Chapter 10-Economics and Application, No. 1, August-September 1985

Dryland farming areas in the semiarid region of the Snake River Basin of southeastern Idaho have suffered substantial losses of topsoil since farming began in the area. In the predominant wheat-fallow rotation under conventional tillage, the soil is left unprotected from erosion much of the time with little or no surface residue. Surface runoff from snowmelt and intense rainstorms results in an average soil loss of 8 tons per acre on over 40 percent of the region.

Best Management Practices (BMPs) such as crop residue management (minimum tillage), contour strip cropping, terracing and grassed waterways are among the soil conservation practices which have been used in this region. A computer modeling study was used to evaluate the effectiveness of these four BMPs and their impact on farm net returns in four southeastern Idaho counties: Bannock, Power, Oneida and Cassia. The study was conducted by Marie Powell, former research associate, and Edgar Michalson, STEEP researcher and agricultural economist, both in the University of Idaho Department of Agricultural Economics and Rural Sociology, Moscow. The results were published this year in University of Idaho Agricultural Experiment Station Bulletin 639, An Evaluation of Best Management Practices on Dryland Farms in the Lower Portion of the Upper Snake River Basin of Southeastern Idaho.

Fundamental data for the study were from an interview survey of 95 farmers in the Snake River Basin in 1979. Technical data on the BMPs were provided by the USDA-SCS and ARS. Computer modeling analysis included linear programming, enterprise budgeting and field tillage simulation.

The models evaluated the BMPs in a fallow-winter wheat-spring barley rotation for three farm sizes: 500, 1,300 and 2,700 acres, Soil losses on the three farm sizes without any soil erosion control practices averaged 6.4 tons per acre.

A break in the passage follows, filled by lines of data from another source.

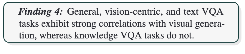 鉴于理解任务具有多样性,例如 OCR(光学字符识别)、以视觉为中心的任务(Vision-Centric tasks)以及基于知识的任务(Knowledge-based tasks),我们进一步探究哪些任务与生成能力的相关性最强。受 Cambrian-1 的启发,我们将 VQA 任务划分为五类:通用(General)、文本与图表(Text&Chart)、高分辨率(High-Resolution)、知识型(Knowledge)和视觉中心型(Vision-Centric)VQA。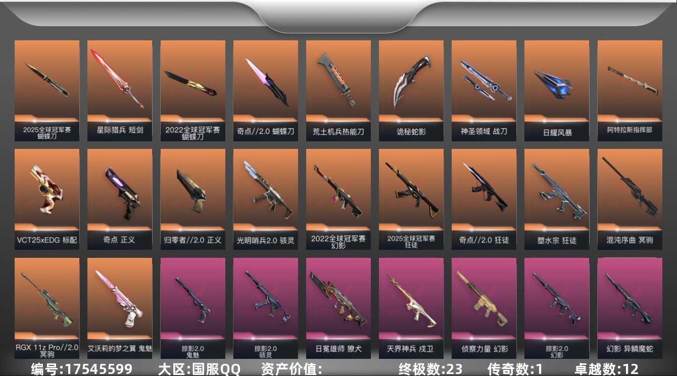 [17545599]【103】【套装】:2025全球冠军赛套装,2022全球冠军赛套装,掠影//2.0套装 【英雄】:幻棱,炼狱,维斯,暮蝶,钛狐,壹决,铁臂,捷风,雷兹,幽影,不死鸟,贤者,猎枭,蝰蛇,零,芮娜,奇乐,尚勃勒,霓虹,斯凯,夜露,星礈,K/O,海神,盖可,黑梦,钢锁 【近战武器】:近战武器-2025全球冠军赛 蝴蝶刀,近战武器-2022全球冠军赛 蝴蝶刀,近战武器-影钩,近战武器-剥皮小刀,近战武器-奇点//2.0 蝴蝶刀,近战武器-紫金爪刀,近战武器-镭切,近战武器-荒土机兵 热能刀,近战武器-诡秘蛇影 军刀,近战武器-神圣领域 战刀,近战武器-日耀风暴 遗器,近战武器-阿特拉斯指挥部 甩棍,近战武器-星际猎兵 短剑 【狂徒】:狂徒-2025全球冠军赛,狂徒-奇点//2.0,狂徒-塑水宗,狂徒-掠影,狂徒-盖亚的复仇,狂徒-紫阙金琅,狂徒-荒土机兵,狂徒-王牌队员,狂徒-诡秘蛇影 【幻影】:幻影-2022全球冠军赛,幻影-侦察力量,幻影-异鳞魔蛇,幻影-掠影//2.0,幻影-神圣领域,幻影-纳米打击,幻影-末日之翼 【戍卫】:戍卫-天界神兵,戍卫-逆冲蛮牛,戍卫-月球哨兵,戍卫-折光棱晶 【獠犬】:獠犬-日冕雄师,獠犬-神圣领域,獠犬-逆冲蛮牛 【冥驹】:冥驹-混沌序曲,冥驹-RGX 11z Pro//2.0,冥驹-堕天遗武,冥驹-荒土机兵,冥驹-星云暗涌 【飞将】:飞将-末日之翼 【莽侠】:莽侠-诡秘蛇影,莽侠-月球哨兵 【战神】:战神-神圣领域 【奥丁】:奥丁-掠影//2.0,奥丁-纳米打击,奥丁-末日之翼 【判官】:判官-诡秘蛇影,判官-纳米打击x 【雄鹿】:雄鹿-逆冲蛮牛,雄鹿-月球哨兵 【骇灵】:骇灵-光明哨兵//2.0,骇灵-掠影//2.0,骇灵-荒土机兵,骇灵-星云暗涌 【蜂刺】:蜂刺-星云暗涌,蜂刺-折光棱晶 【标配】:标配-荒土机兵,标配-折光棱晶 【VCT手枪】:标配-VCT25 x EDG 【正义】:正义-归零者//2.0,正义-奇点,正义-纳米打击,正义-游戏结束,正义-月球哨兵 【鬼魅】:鬼魅-艾沃莉的梦之翼,鬼魅-掠影//2.0,鬼魅-诡秘蛇影,鬼魅-星云暗涌 【狂怒】:狂怒-神圣领域,狂怒-逆冲蛮牛 【短炮】:短炮-末日之翼 【卡面】:终章:激斗汉堡 卡面,进入射程 卡面,分崩离析 卡面,纳米打击 卡面,抑制技术 卡面,激斗汉堡 卡面,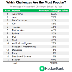 분야가 다양한데 Algorithms, Java, Data Structures, Mathematices, C++, Python, SQL, Ruby, AI 등 15개 도메인으로 평가가 이루어졌습니다.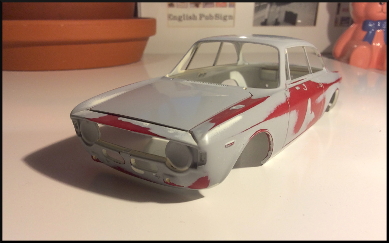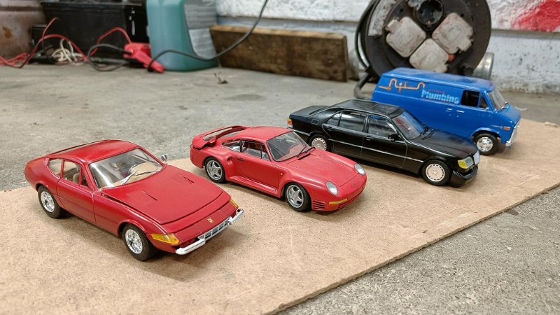 Ferrari oli aika pitkälle valmis, kori tosin pitää maalata uusiksi kolhujen takia ja joitain osia maalata uusiksi. F100 taisi jämähtää kun jostain syystä kone ja laatikko ei tahtonut istua runkoon. Volkkarista varmaan puuttuukin jo osia rusaasti...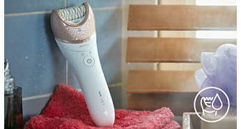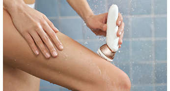Można używać na sucho i na mokro, pod prysznicem lub w wannie Dzięki specjalnemu uchwytowi antypoślizgowemu urządzenia można używać w optymalny sposób na sucho i na mokro — podczas codziennej kąpieli pod prysznicem lub w wannie. |
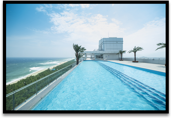 호텔의 최상층에는 동해의 전망과 자연 채광을 만끽할 수 있는 2개의 인피니티 풀이 있습니다.
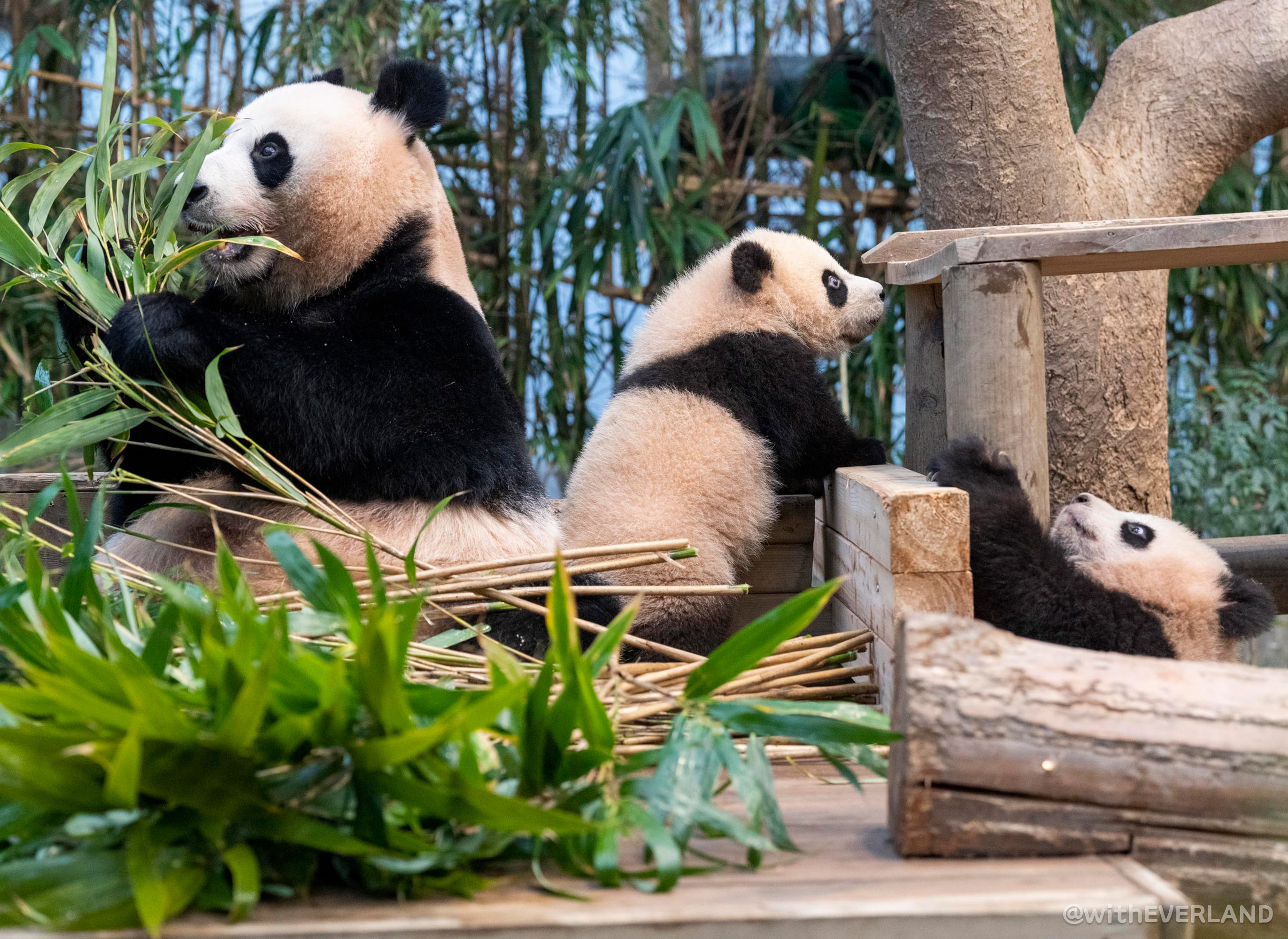 판다 할부지 강철원 사육사는 "루이바오와 후이바오가 엄마 아이바오가 대나무를 먹는 사이에 나무 쉼터에 오르거나 외나무다리도 타고 자기들끼리 장난을 치며 노는 등 판다월드 방사장에 빠르게 적응하고 있는 모습을 보이고 있다"고 밝혔다.

To reduce soil loss to 3.5 to 4 tons per acre, the most economical BMP to achieve that level of erosion control was crop residue management, followed by a combination of residue management and strip cropping. For the lowest soil loss restriction of about 2.3 tons per acre, all of the four BMPs were used.

Crop residue management had the lowest average per acre cost followed in increasing order by strip cropping, terracing and grass waterways, With no assumption of increased yields from the BMPs, cutting soil loss to 3.5 to 4 tons per acre on the three farm sizes reduced short-term farm net returns an average of 6 percent. With all BMPs utilized to achieve the 2.3 tons per acre soil loss limit, the average decrease in net return to the three farms was 36 percent when no yield increases were assumed.

To help offset the costs of the BMPs, increased soil water storage with crop residue management, strip cropping and terraces would increase yield potential. Use of the practices would then increase net returns compared to not using any BMPs. In the long run, farm income would also be improved as related to the amount of soil saved. The value of long-term protection and improvement of soil productivity must be considered in these management decisions. A similar study is underway on the higher rainfall (eastern) portion of the Upper Snake River Basin.